--- WORK ORDER ---
Restate, exactly as written, the entries below from the line that holds "Baseus 10000mAh Nomos" through the line that holds "Вообще, статистика потребления". Pictures are not part of the copy.

Collected data entries:
════════

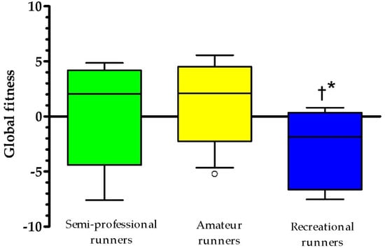 Differences in global physical fitness among runners’ groups, based on performance. † indicates significant difference when compared against semi-professional runners; * indicates significant difference when compared against amateur runners; circle indicates outliers.
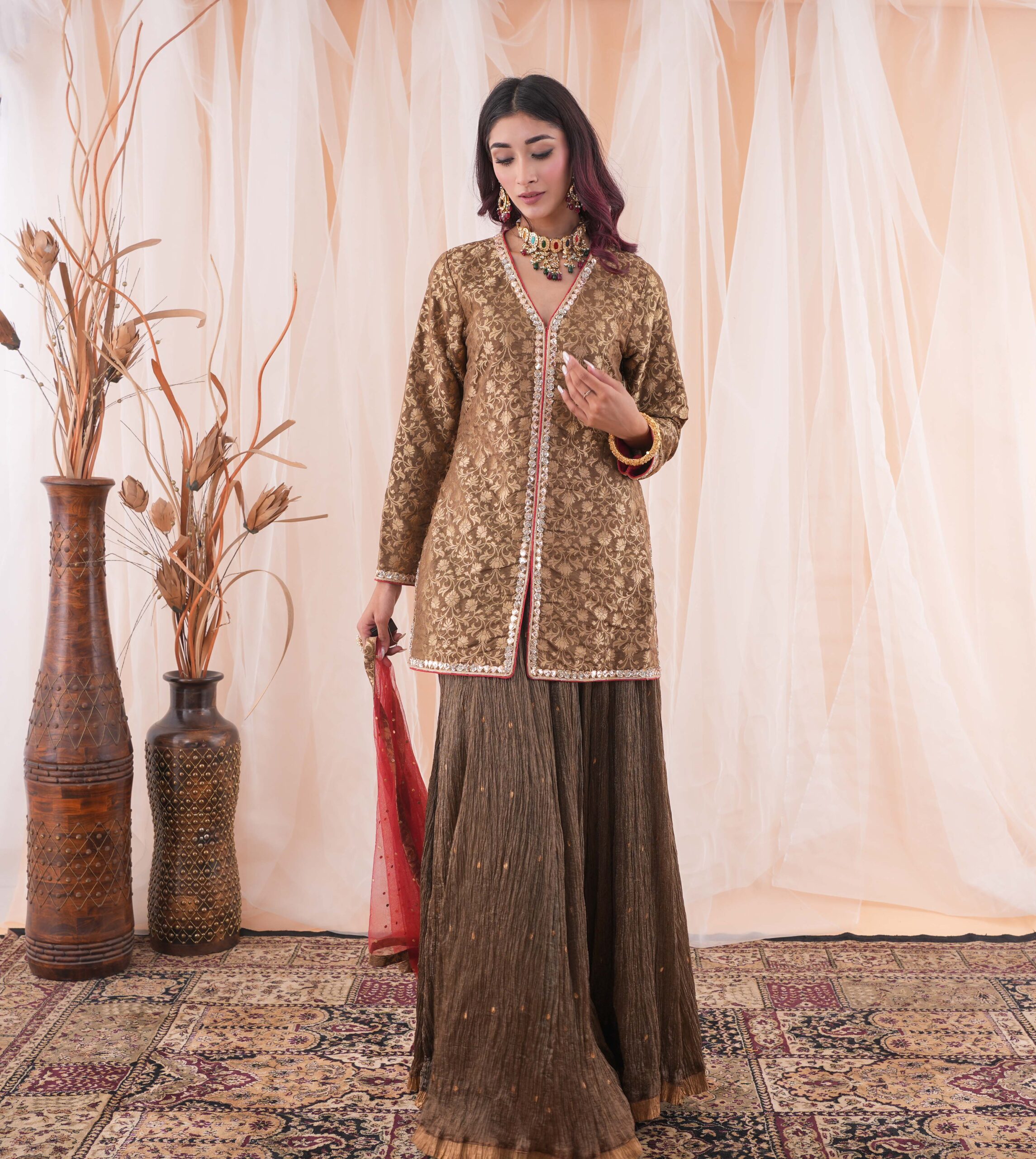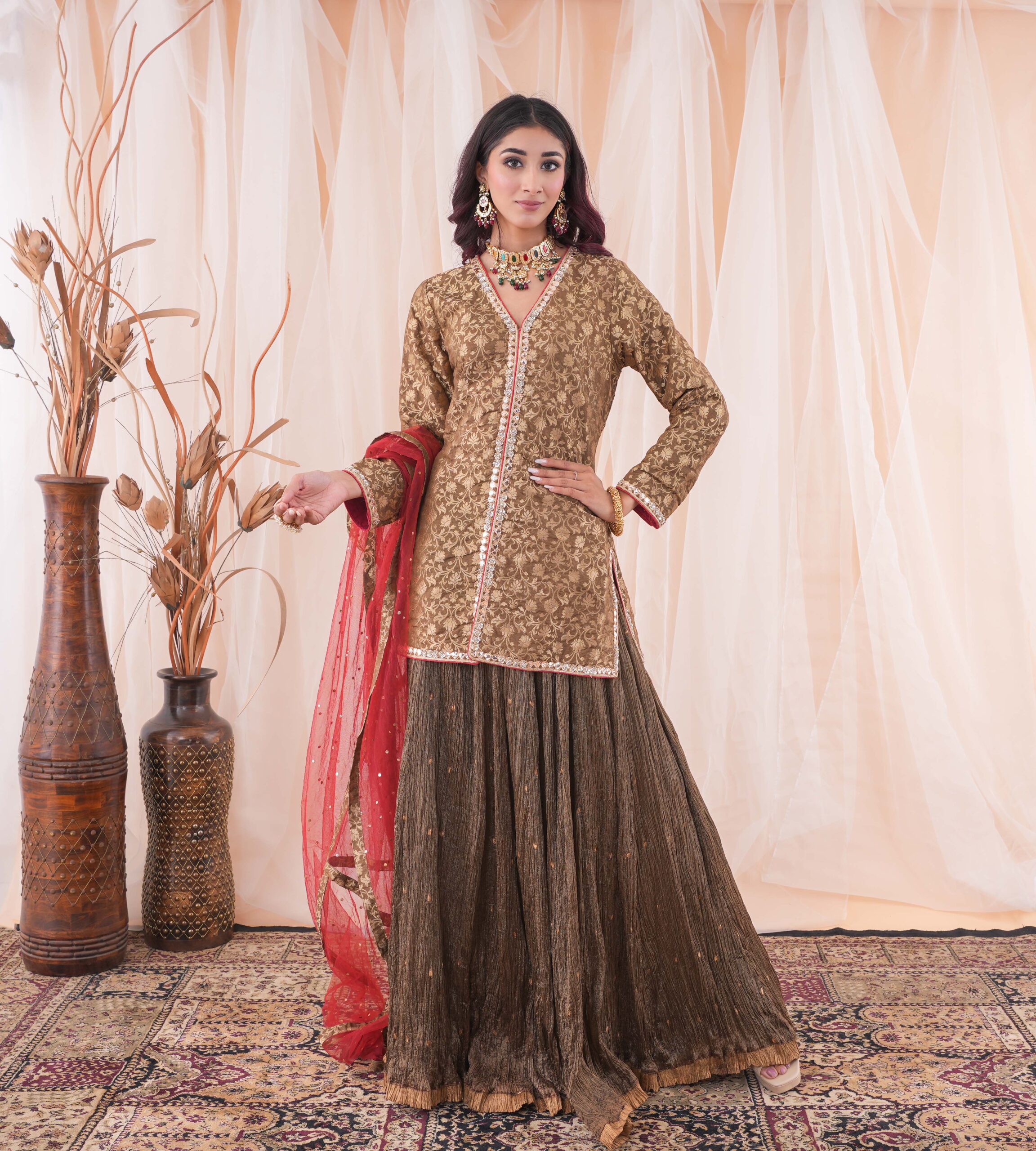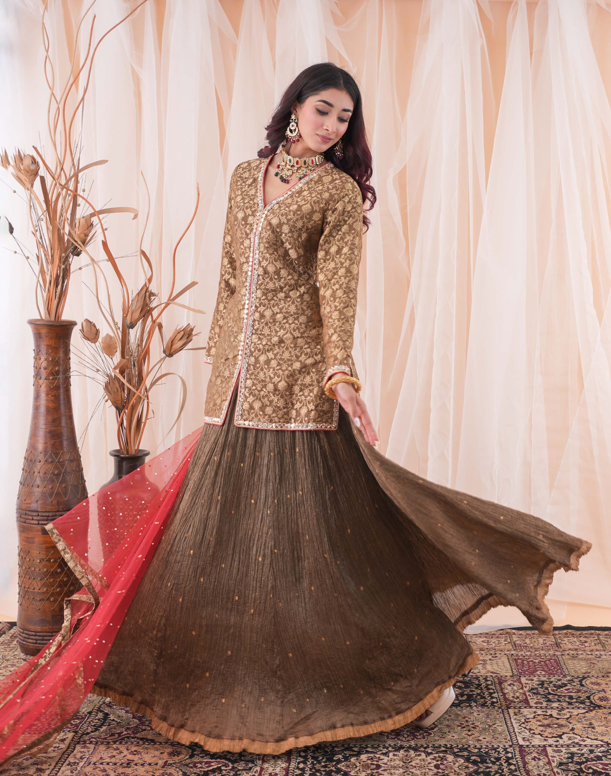 Material used- Banarasi Brocade For Kurta, Crushed Silk For Skirt And Net For Dupatta, Hand Embroidery Of Pitta And Mukesh On Kurta And Dupatta And Block Printing On Skirt
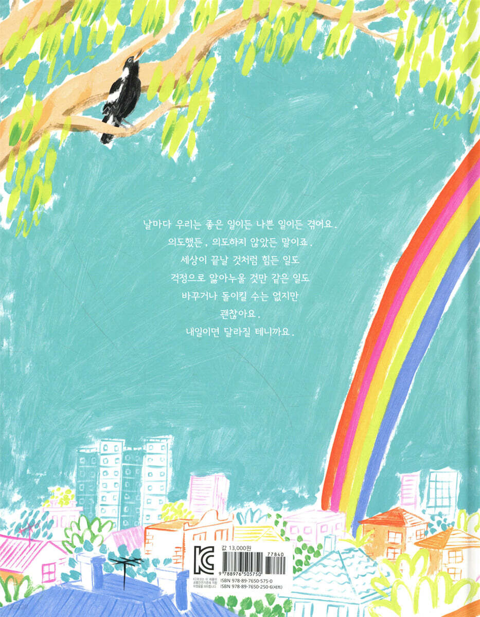 아이들의 상황과 감춰진 속마음을 살피는 그림책 “오늘 하루가 뒤죽박죽이야. 이게 네 탓일까?” 두 아이가 번갈아 보여 주는 하루로 이야기가 이어집니다. 예닐곱 살의 여자아이들이지요. 본문이 시작되는 제목 페이지를 보면, 두 여자아이가 실 전화를 하는 모습을 볼 수 있습니다. 금발의 곱슬머리 여자아이는 3층에 살고 검은색 단발머리 여자아이는 1층에 삽니다. 두 아이의 아침은 엉망진창입니다. 곱슬머리 여자아이는 그저 잠깐 소파 위에 서서 시리얼을 먹으려는 것뿐인데 넘어져 시리얼을 쏟고 맙니다. 검은색 단발머리 아이도 비슷한 실수를 저지른 모양입니다. 한바탕 혼이 났는지, 혼자 방에서 씩씩거리고 있습니다. 아이들은 억울함을 참지 못하고 작은 심통을 부립니다. 곱슬머리 아이는 가족들 머리카락을 싹둑 자르고, 단발머리 아이는 집에 온 손님에게 버릇없이 굽니다. 심술을 부리니 기분은 더욱 나빠집니다. 한바탕 난리를 피우고 학교에 가는 길, 서로 오해가 생깁니다. 툭 쳤다고 생각했는데 친구는 있는 힘껏 밀칩니다. 학교도 그리 편안하지 않습니다. 준비물을 잘 못 챙겨서 답답하고 때로는 수업 내용을 혼자만 모르는 듯하지요. 엉망이 된 하루는 계속 이어집니다. 수업 후, 단발머리 아이는 사고 싶은 사탕을 사지 못합니다. 점점 화가 난 단발머리 아이는 그만 서점에서 곱슬머리 친구가 다른 친구와 다정하게 책 읽는 모습에 심통을 터지고 맙니다. 그 책을 뺏어 북북 찢어 버리고 말지요. 일은 정말 커지고 말았습니다. 아이는 집으로 도망쳐 옵니다. 친구 마음을 아프게 한 일이 너무 후회가 되지요. 영영 잘못을 만회할 수 없을 것만 같고, 그 일로 세상이 끝장날 것 같지요. 아이들의 우당탕한 하루를 고스란히 보여주는 것 같습니다. 그림책 속 두 아이처럼 아이들은 말썽을 부리고 다투고 울고불고하며 어찌할 바를 모를 일을 자주 겪습니다. 어른들은 쉽게 아이를 혼내고 아이들도 자신의 탓이라 여기며 시무룩해집니다. 하지만 잘 들여다보면 상황이 엉망인 것은 아이가 진짜 말썽꾸러기여서가 아니라 서툴기 때문입니다. 아이들의 서투름을 보듬는 따뜻한 목소리 “바꿀 수 없는 건, 그럼에도 여전히…… 우린 널 사랑한다는 거야.” 서로 싸우고 미안한 일이 있어도 세상이 끝나는 건 아니지요. 새로운 날이 시작됩니다. 아이들도 용기를 내서 잘못을 만회하려고 합니다. 제대로 사과를 하고 카드를 쓰고 부모님의 일손을 돕기까지 합니다. 찢어 버린 책은 다시 잘 붙이고 마음을 담아 꽃다발을 만들기도 합니다. 아이들은 쉽게 화해를 하고 더욱더 가까워집니다. 어제의 잘못 때문에 속상해하는 아이가 있다면, 실수투성이인 자기 자신 때문에 어쩔 줄 몰라 하는 아이가 있다면, 감정을 매끄럽게 다루지 못해서 주변 사람들과 자꾸 부딪치는 아이가 있다면, 함께 이 책을 읽어 보면 좋겠습니다. 아이들은 그림책 속 아이들을 보며, 자신들의 마음을 돌아볼 수 있습니다. 그리고 무엇보다도 아이들에게 꼭 필요한 말, 너무나 당연해서 가끔 부모님들이 잊어버리는 말을 이 책이 해 주고 있으니까요. “그럼에도 여전히…… 우리는 널 사랑한다는 거야.” 이 그림책을 읽고 아이들이 힘을 내서 자기 자신을 믿어 보면 좋겠습니다. 몸도 마음도 자라는 시간 동안, 어쩔 수 없이 해야 하는 작은 시행착오들에 너무 속상해하지 말고, 조금 더 여유를 갖도록 말이지요. |
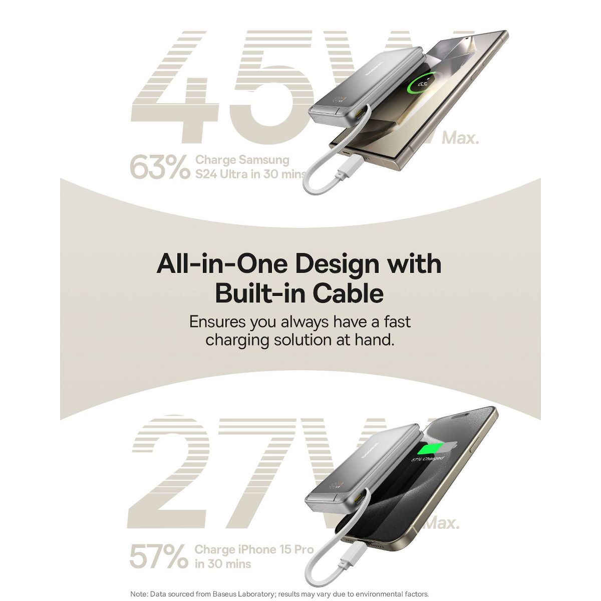Baseus 10000mAh Nomos Qi2 Magnetic Bracket Power Bank with Built-in USB-C Cable 45W - Gray: Compatible with Apple & Samsung Models
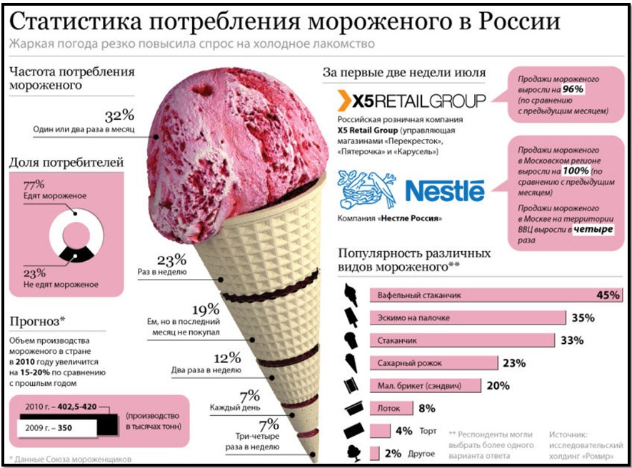 Вообще, статистика потребления этого лакомства в летний период, выглядит следующим образом.
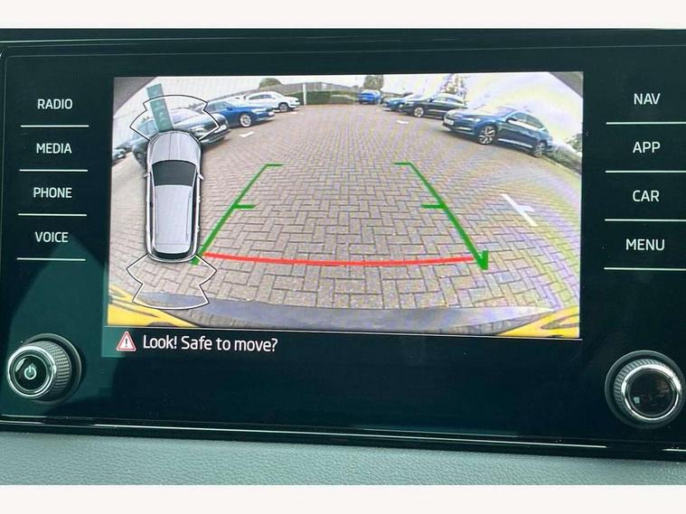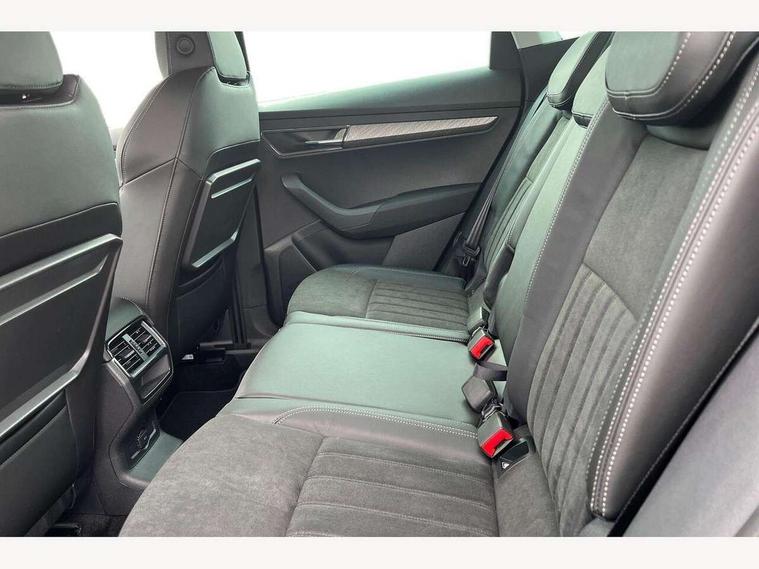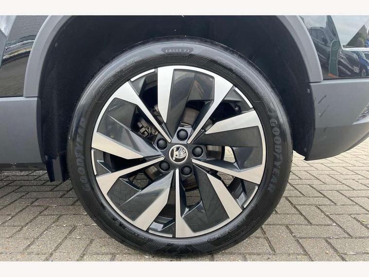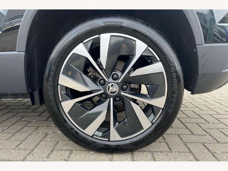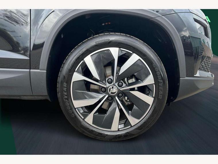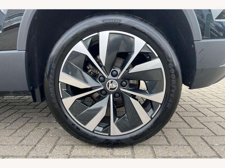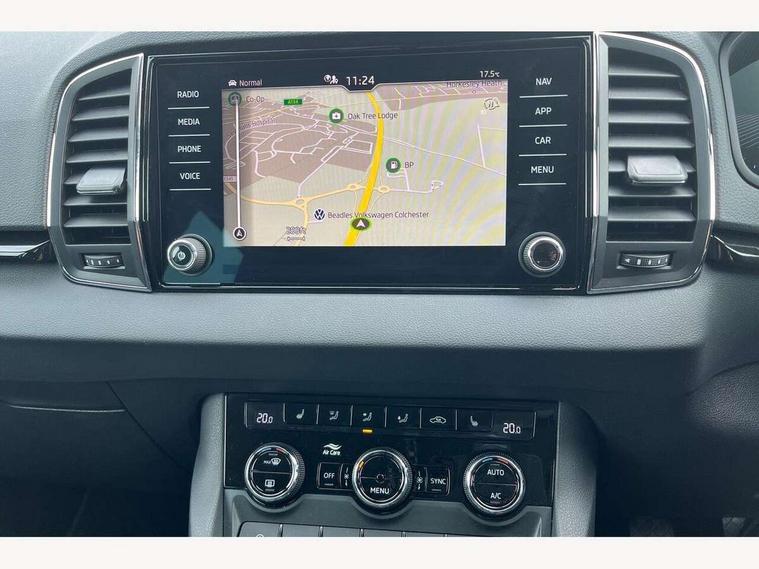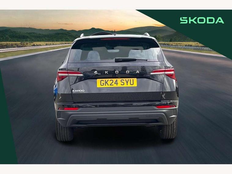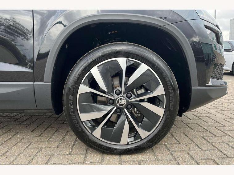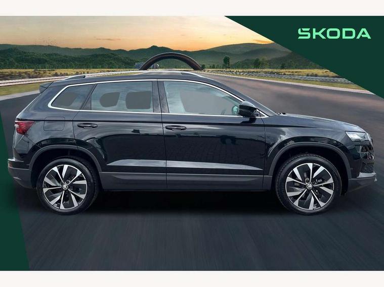 8" Digital display, Care connect, Drive mode selector, Driver fatigue sensor, Electro-mechanical PAS, Emergency services call system, Outside temperature gauge, Service interval indicator, SmartLink wireless for Apple and wired for Android, Start/stop system with regenerative braking, USB C Port x 2 in front centre console, 8 Speakers, DAB radio with Bluetooth, USB connection, Acoustic glass, Aero front windscreen wipers with intermittent function, Auto dimming rear view mirror with light and rain sensors, Black electric window control buttons, Body colour door mirrors and handles, Dynamic headlight range control with cornering light function, Electric front and rear windows with child proof lock, Heated rear windscreen, LED daytime running lights, LED rear lights with high functionality welcome effect and dynamic indicators, Light assistant (coming/leaving home/tunnel light), Plastic scuff plates, Privacy glass, Rear side wing doors, Rear spoiler, Rear window wiper with washer system and intermittent control, Safety reflectors on front doors, Third brake light, 1.5 litre bottle holders in driver and front passenger door panels, 12V socket in boot, 12v socket in front centre armrest with storage compartment and rear air vents, 2 spoke leather heated multifunction steering wheel, 2 x Tablet holder, 3 rear height adjustable headrests, 3 seat bench in 2nd row, 4 foldable roof handles with rear coat hooks, Black floor carpet, Chrome inner door handles, Double sided boot floor, Foldable hooks in the boot, Front head restraints, Height adjustable front three point seats belts with tensioners, Height/reach adjust steering wheel, Ice scraper, Illuminated glovebox, Illuminated luggage compartment, Isofix child seat preparation for front passenger seat, Isofix child seat preparation outer rear, Manual lumbar support for front seats, Pen holder, Pollen filter, Rear boot cover, Rear reading lights, Rubbish bin door, Safety vest holder, Single front passenger seat, Storage box in upper central dashboard closed, Sunvisors with illuminated vanity mirrors, Textile floor mats, Ticket holder, VarioFlex seats with standard rear seat release, Boot pack - Karoq, Design Pack - Karoq, Parking pack - Karoq, Automatic door unlocking in case of crash, Automatic fuel cut off in case of crash, Child locks on rear doors, Driver airbag, Electronic parking brake with auto hold function, Emergency rear braking signal, ESC including ABS, MSR, ASR, EDS, HBA, DSR, RBS, MKB and traction control, Front side airbags, Hill hold control, Knee airbags, Passenger airbag with switch-off function, Pedestrian monitor, Seatbelt reminder signalisation and pretensioner for all seats, Three point seatbelts rear, Two tone horn, Tyre pressure display, Tyre pressure monitor, Alarm with interior monitoring, back up horn and tilt sensor with safe function, Electronic engine immobiliser, Keyless entry and start/stop, Remote central locking with 2 remote folding keys, Chrome framed air vents, 18" Miran alloy wheels in black, Anti-theft wheel bolts protection, Tool kit,

════════

--- OUTPUT FOR THIS EXERCISE ---
Baseus 10000mAh Nomos Qi2 Magnetic Bracket Power Bank with Built-in USB-C Cable 45W - Gray: Compatible with Apple & Samsung Models
 Вообще, статистика потребления этого лакомства в летний период, выглядит следующим образом.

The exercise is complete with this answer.